Propagation Strategy

The Jesuits believed that it was better to seek to influence people in power and then allow the religion to be passed downwards to the commoners later. They tried to avoid suspicion by not preaching to the commoners without permission from the local rulers to propagate Catholicism within their domains. As a result, several daimyo became Christians, soon to be followed by many of their subjects as the Dominicans and Augustinians were able to begin preaching to the commoners. After the edict banning Christianity, there were communities that kept practicing Catholicism without having any contact with the Church until missionaries were able to return much later.

When Xavier disembarked in Kagoshima, the principal chiefs of the two branches of the Shimazu family, Sanehisa and Katsuhisa, were warring for the sovereignty of their lands. Katsuhisa, adopted Takahisa Shimazu who in 1542 was accepted as head of the clan having previously received the Portuguese merchants on Tanegashima Island, learning about the use of firearms. Later, he met Xavier himself at the castle of Uchiujijo and permitted the conversion of his vassals.

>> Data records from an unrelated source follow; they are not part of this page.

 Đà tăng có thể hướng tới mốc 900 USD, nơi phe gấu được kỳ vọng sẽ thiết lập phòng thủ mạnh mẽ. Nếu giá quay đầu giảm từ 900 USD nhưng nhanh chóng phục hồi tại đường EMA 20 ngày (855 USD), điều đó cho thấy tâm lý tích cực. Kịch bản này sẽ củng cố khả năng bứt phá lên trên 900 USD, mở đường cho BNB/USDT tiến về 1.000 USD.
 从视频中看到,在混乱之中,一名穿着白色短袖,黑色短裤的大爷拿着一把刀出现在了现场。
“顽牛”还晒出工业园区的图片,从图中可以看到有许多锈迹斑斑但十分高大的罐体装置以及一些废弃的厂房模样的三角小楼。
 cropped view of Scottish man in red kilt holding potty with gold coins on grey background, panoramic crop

Having a religious background, Takahisa showed himself to be benevolent and already allowed freedom of worship but not helping the missionaries nor favoring their church. Failing to find a way to the centre of affairs, the court of the Emperor, Xavier soon tired and left to Yamaguchi thus beginning the Yamaguchi period. Xavier, stayed in Yamaguchi for two months on his way to an abortive audience with the Emperor in Kyoto. Yamaguchi was already a prosperous and refined city and its leaders, the Ouchi family, were aware that Xavier's journey to Japan had begun after the completion of his mission in India.

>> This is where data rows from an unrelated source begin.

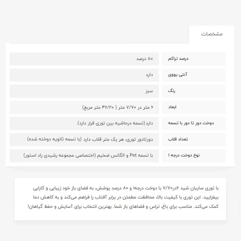 توری سایبان شید، آنتی یووی دار بوده که از اشعه خطرناک خورشید جلوگیری میکند و دربرابر آفتاب مقاومت بالایی دارد. دوخت درجه 1 (منظور تسمه و دوخت بسیار قویتر میباشد)، یک تسمه محکم دورتا دور توری، و هر متر یک قلاب با تسمه ثانویه دوخت خورده است. توری سایبان شید، برخلاف برزنت، هوا را خف نمیکند و هوا در جریان هست و وزن سبکی دارد که دیگر نیازی به سازه سنگین برای نصب، مثل برزنت ندارد. همچنین ارزان تر و با دوام تر است. تراکم توری 80 درصد بوده که یعنی 80 درصد جلوی نور خورشید را میگیرد، در واقع سایه دهی آن حداقل 80 درصد است. این میزان سایه برای بخش عمده نیاز افراد کاربرد دارد، مثل سایه برای خودرو، استخر، حیاط و ... حتی برای گل و گیاهان هم، جلوی سوختگی برگ ها در بهار و تابستان میگیرد ، در زمستان، برای برخی گیاهان، باعث کاهش رشد میشود ولی خرابی گیاه را در پی ندارد.
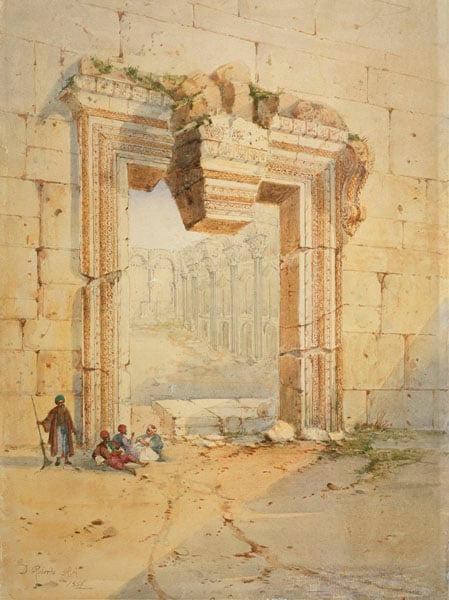 Catalogued as 'The Doorway, Baalbec' signed and dated 1856. Part of a collection of 36 drawings of the British School distributed to 20 museums.
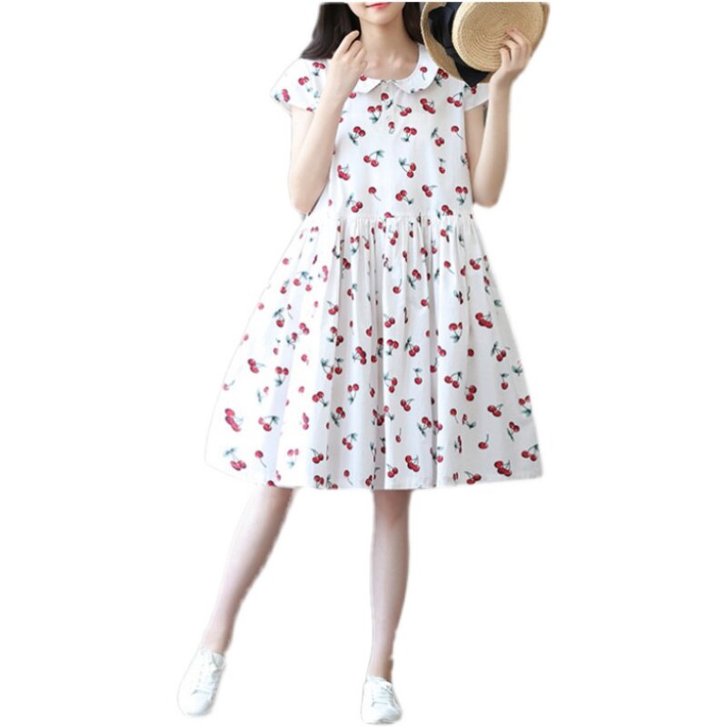 女大童夏装连衣裙胖女孩宽松加肥加大码12-15岁初中生碎花裙子潮

They took Catholicism for some sort of new sect of Buddhism and were curious to know of the priest's doctrine. Tolerant but shrewd, their eyes less on baptism than the Portuguese cargoes from Macao, they granted the Jesuit permission to preach. The uncompromising Xavier took to the streets of the city denouncing, among other things, infanticide, idolatry and homosexuality (the last being widely accepted at the time). Misunderstandings were inevitable.

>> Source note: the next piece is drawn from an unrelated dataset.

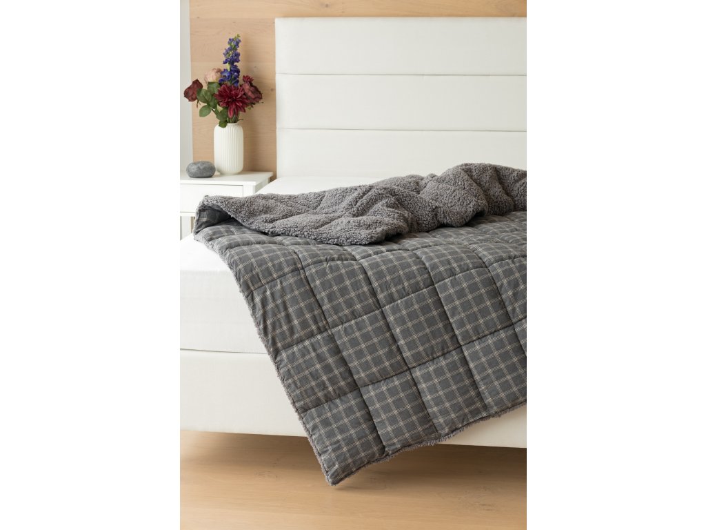 Přikrývka Matějovský ARNO 140x200 - Štěstí přeje připraveným! Nenechte se zaskočit chladným počasím a dopřejte si zasloužený odpočinek v teple... Nová kolekce prošívaných flanelových přikrývek s beránkem vám zajistí jedinečný tepelný komfort a úžasné pohodlí během sychravých dnů, chladných večerů a zimních nocí. Vrchní stranu prošívané deky tvoří hebký flanel s jemným chloupkem, spodní stranu pokrývá hřejivý nadýchaný beránek. Vnitřní výplň s plošnou gramáží 250 g/m2 tvoří mikrogelové polyesterové nano vlákno, které je prodyšné, lehké a nesléhá. Stabilitu výplně zajišťuje precizní prošití po celé ploše. Elegantní vzor Arno s jemnou krémovou kostkou na antracitově šedém podkladu doplňuje barevně sladěný beránek v tmavě šedém odstínu. K přikrývce lze dokoupit také polštář ve stejném designu. Díky nízké gramáži můžete tyto praktické přikrývky využít celoročně. V chladnějším období se zachumláte do hebkého beránka, který zajišťuje vynikající tepelnou izolaci, v teplejších měsících přikrývku jednoduše otočíte. Materiálové složení: Vrchní strana: směs recyklované bavlny a polyesteru Spodní strana: 100% polyester Výplň: 100% polyester Údržba: Přikrývku lze prát v dostatečně objemné pračce při teplotě 40°C. Sušení v sušičce rozhodně nedoporučujeme, nicméně výhodou použitých materiálů je, že velmi rychle schnou. Kolekce beránkových lůžkovin splňuje kritéria mezinárodní certifikace Oeko-Tex Standard 100. Štěstí přeje připraveným! Nenechte se zaskočit chladným počasím a dopřejte si zasloužený odpočinek v teple... Nová kolekce prošívaných flanelových přikrývek s beránkem vám zajistí jedinečný tepelný komfort a úžasné pohodlí během sychravých dnů, chladných večerů a zimních nocí. Vrchní stranu prošívané deky tvoří hebký flanel s jemným chloupkem, spodní stranu pokrývá hřejivý nadýchaný beránek. Vnitřní výplň s plošnou gramáží 250 g/m2 tvoří mikrogelové polyesterové nano vlákno, které je prodyšné, lehké a nesléhá. Stabilitu výplně zajišťuje precizní prošití po celé ploše. Elegantní vzor Arno s jemnou krémovou kostkou na antracitově šedém podkladu doplňuje barevně sladěný beránek v tmavě šedém odstínu. K přikrývce lze dokoupit také polštář ve stejném designu. Díky nízké gramáži můžete tyto praktické přikrývky využít celoročně. V chladnějším období se zachumláte do hebkého beránka, který zajišťuje vynikající tepelnou izolaci, v teplejších měsících přikrývku jednoduše otočíte. Materiálové složení: Vrchní strana: směs recyklované bavlny a polyesteru Spodní strana: 100% polyester Výplň: 100% polyester Údržba: Přikrývku lze prát v dostatečně objemné pračce při teplotě 40°C. Sušení v sušičce rozhodně nedoporučujeme, nicméně výhodou použitých materiálů je, že velmi rychle schnou. Kolekce beránkových lůžkovin splňuje kritéria mezinárodní certifikace Oeko-Tex Standard 100.Doplňkové parametry
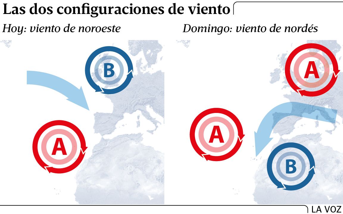 El domingo, la borrasca se va a desplazar hacia el sur hasta situarse entre el norte de África y el Mediterráneo. Desde esta ubicación va a impulsar una circulación de nordés, que en Galicia asociamos con las altas presiones, no con las bajas. Una vez más se demuestra que la influencia en meteorología depende mucho de su posición.

Christian books were published in Japanese from the 1590s on, some with more than one thousand copies and from 1601 a printing press was established under the supervision of Soin Goto Thomas, a citizen of Nagasaki with thirty Japanese working full-time at the press. Liturgical calendars were also printed after 1592 until at least 1634. Christian solidarity made also possible missionary mail delivery throughout the country until the end of the 1620s.